Limited Liability Company (LLC)

Learning Outcomes

  • Define limited liability company (LLC) as a form of business
  • Discuss the advantages and disadvantages of LLCs

A limited liability company (LLC) is a hybrid business structure allowed by state statute.  LLCs are attractive to small business owners because they provide the limited liability features of a corporation and the tax efficiencies and operational flexibility of a partnership. Each state may use different regulations, and you should check with your state if you are interested in starting a limited liability company.

Owners of an LLC are called members. Most states do not restrict ownership, and so members may include individuals, corporations, other LLCs and foreign entities. There is no maximum number of members. Most states also permit “single-member” LLCs, those having only one owner.  

Unlike shareholders in a corporation, LLCs are not taxed as a separate business entity. Instead, all profits and losses are “passed through” the business to each member of the LLC. LLC members report profits and losses on their personal federal tax returns, just like the owners of a partnership would.

Forming an LLC 

While each state has slight variations on forming an LLC, they all adhere to some general principles:

Choose a Business Name. There are three rules that your LLC name needs to follow: (1) it must be different from an existing LLC in your state, (2) it must indicate that it’s an LLC (such as “LLC” or Limited Company”) and (3) it must not include words restricted by your state (such as “bank” and “insurance”). Your business name is automatically registered with your state when you register your business, so you do not have to go through a separate process.

File the Articles of Organization. The “articles of organization” is a simple document that legitimizes your LLC and includes information like your business name, address, and the names of its members. For most states, you file with the Secretary of State. However, other states may require that you file with a different office such as the State Corporation Commission, Department of Commerce and Consumer Affairs, Department of Consumer and Regulatory Affairs, or the Division of Corporations & Commercial Code.

Create an Operating Agreement. Most states do not require operating agreements. However, an operating agreement is highly recommended for multimember LLCs because it structures your LLC’s finances and organization, and provides rules and regulations for smooth operation. The operating agreement usually includes percentage of interests, allocation of profits and losses, member’s rights and responsibilities, and other provisions.

Obtain Licenses and Permits. Once your business is registered, you must obtain business licenses and permits. Regulations vary by industry, state, and locality.

Announce Your Business. Some states, including Arizona and New York, require the extra step of publishing a statement in your local newspaper about your LLC formation.

LLC Taxes

In the eyes of the federal government, an LLC is not a separate tax entity, so the business itself is not taxed. Instead, all federal income taxes are passed on to the LLC’s members and are paid through their personal income tax. While the federal government does not tax income on an LLC, some states do, so check with your state’s income tax agency.

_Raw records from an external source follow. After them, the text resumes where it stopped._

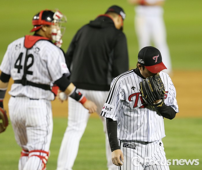 (서울=포커스뉴스) 4일 서울 잠실구장에서 열린 2016 프로야구 두산-LG 경기 5회초 무사 2루에서 LG 선발 투수 우규민이 교체돼 마운드를 내려가고 있다.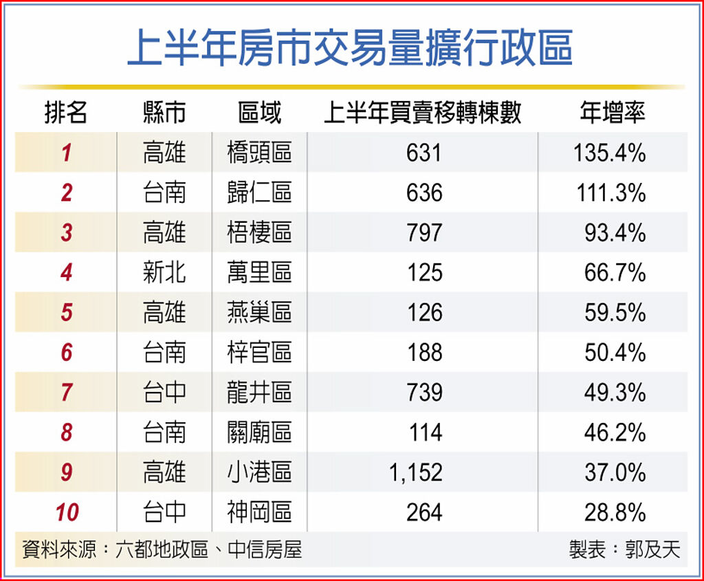 受政策打房影響,導致近期房市買氣降溫、交易量縮,不過仍有不少中南部蛋白區受惠產業投資議題帶動,交易逆勢擴量。據統計,上半年六都各行政區中,高雄橋頭、台南歸仁兩區房市買賣移轉棟數分別年增135%、111.3%,增幅前二名,六都27個房市交易量增行政區中,北北桃三都僅占4個,超過85%都位於中南高三都的蛋白區。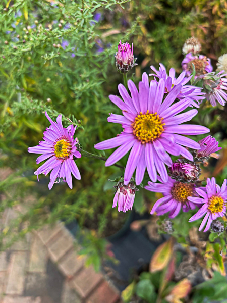 Aster amell. ‘Pink Zenith’ (Rosa Erfullung) Clumps of upright leafy stems. Narrow deep green foliage. Large open clusters of good clear pink daisy flws. Flws: Aug/Sept. Ht 2ft. Fertile well drained soil, sunny position.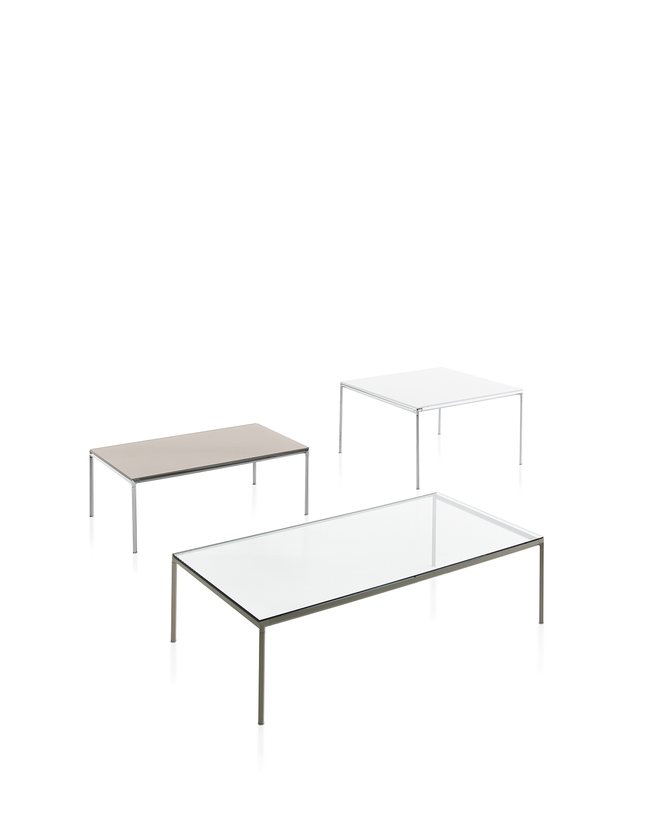 Couchtisch mit quadratischer oder rechteckiger Glasplatte, lackiertem Stahlgestell und in zwei verschiedenen Höhen erhältlich.

Since the federal government does not recognize LLC as a business entity for taxation purposes, all LLCs must file as a corporation, partnership, or sole proprietorship tax return. Certain LLCs are automatically classified and taxed as a corporation by federal tax law.

Practice Question

Advantages of an LLC

  • Limited Liability. Members are protected from personal liability for business decisions or actions of the LLC. This means that if the LLC incurs debt or is sued, members’ personal assets are usually exempt. This is similar to the liability protections afforded to shareholders of a corporation. Keep in mind that limited liability means “limited” liability—members are not necessarily shielded from wrongful acts, including those of their employees.
  • Less Record Keeping. An LLC’s operational ease is one of its greatest advantages. Compared to an S Corporation, there is less registration paperwork and there are smaller start-up costs. However, it is very important to keep proper and separate business financial records. If it appears that the LLC is co-mingling personal and business funds, it can be legally reclassified and end up assuming additional liability.
  • Sharing of Profits. There are fewer restrictions on profit sharing within an LLC, as members distribute profits as they see fit. Members might contribute different proportions of capital and sweat equity. Consequently, it’s up to the members themselves to decide who has earned what percentage of the profits or losses.

Disadvantages of an LLC

  • Possible Limited Life. When an LLC is formed, the members must decide on the duration of the LLC. If an LLC is formed in a state where perpetual life is not permitted, then the death or disassociation of a member will dissolve the LLC, and the members must fulfill all remaining legal and business obligations to close the business. For this reason, it is important for individuals seeking to use this form of ownership verify the requirements for an LLC in the state in which they intend to operate. 
  • Self-Employment Taxes. Members of an LLC are considered self-employed and must pay the self-employment tax contributions towards Medicare and Social Security. The entire net income of the LLC is subject to this tax.